## RECORDS SUPPLIED
=-=-=-=-=

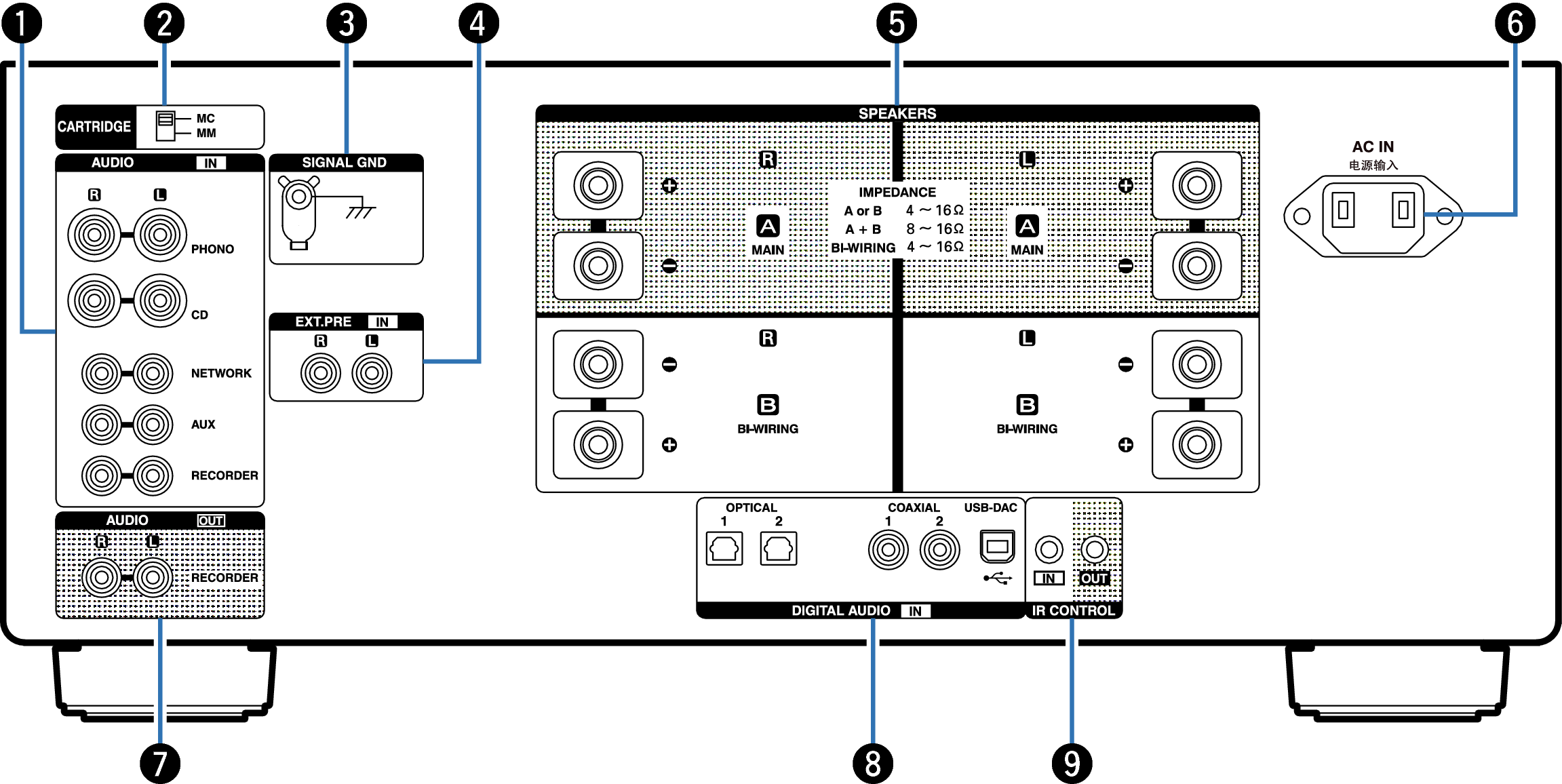 当本机用作功率放大器时,用于连接前置放大器。链接
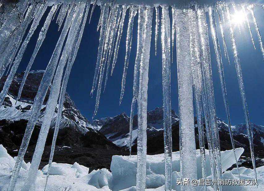 外出时,要远离房檐边等挂着冰溜子的建筑物。经过楼洞时,注意观望头顶上方是否有冰溜子,避免不小心被掉下来的冰溜子砸伤。
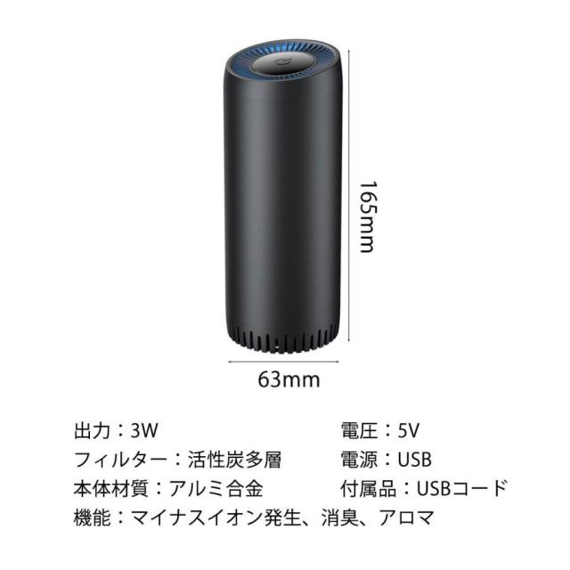 空気清浄機 車 USB 車用 車載 車内 小型 マイナスイオン 花粉 タバコ ほこり コンパクト
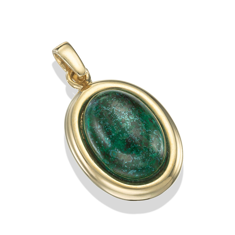 תליון זהב 14K בשיבוץ אבן מרכזית אובלית -אבן אילת-ניתן לבחור גם אבן מרכזית לבחירת לקוח.
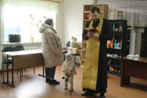 15 марта настоятель храма Георгия Победоносца с. Терновое Острогожского района иерей Артемий Дашенко с матушкой Александрой и помощник благочинного Острогожского церковного округа по социальной работе Наталья Черникова посетили пункт временного проживания беженцев из ДНР, ЛНР и Харьковской области.
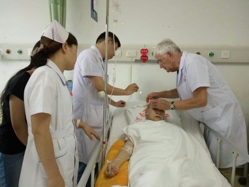 随后,彼得教授来到神经外科医生办公室。他不仅是一家医院的院长,更是一名神经外科的教授,他掌握了该领域广泛的先进理论知识,并且具有丰富的临床诊断和手术经验,所以他很期待同我们的神经外科医生进行交流。在经过短暂的自我介绍后,彼得教授跟神经外科的医生们对几个典型病例和疑难病例进行分析讨论。之后彼得教授针对儿童颅骨修复、胶质瘤术后水肿的用药、开颅大骨瓣减压手术等,都给予了可行有效的治疗方法及指导意见。在这两天时间里,彼得教授不仅走进病房进行大查房,对患者的病情详细询问并给予治疗意见。还跟神经外科的医生们一起进手术室,进行术前指导,并把先进的治疗理念分享给我们的年轻医生们。
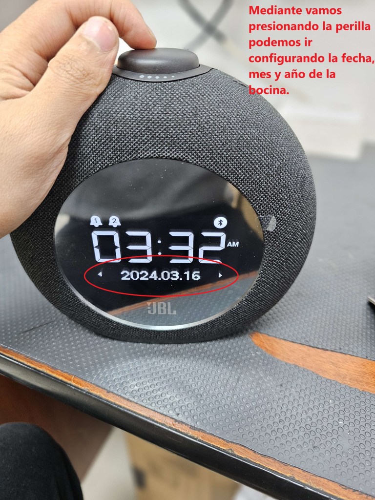 Al presionar nuevamente la perilla, esto nos permitirá cambiar la fecha que nos muestra la pantalla de la bocina, secuencialmente al presionar la perilla nos dejará cambiar día, fecha y año.

=-=-=-=-=

## TASK TO COMPLETE
Respond with the exact lines above running from the one containing "תליון זהב 14K" to the one containing "15 марта настоятель", both ends kept and no pictures included.

## REPLY
 תליון זהב 14K בשיבוץ אבן מרכזית אובלית -אבן אילת-ניתן לבחור גם אבן מרכזית לבחירת לקוח.
 15 марта настоятель храма Георгия Победоносца с. Терновое Острогожского района иерей Артемий Дашенко с матушкой Александрой и помощник благочинного Острогожского церковного округа по социальной работе Наталья Черникова посетили пункт временного проживания беженцев из ДНР, ЛНР и Харьковской области.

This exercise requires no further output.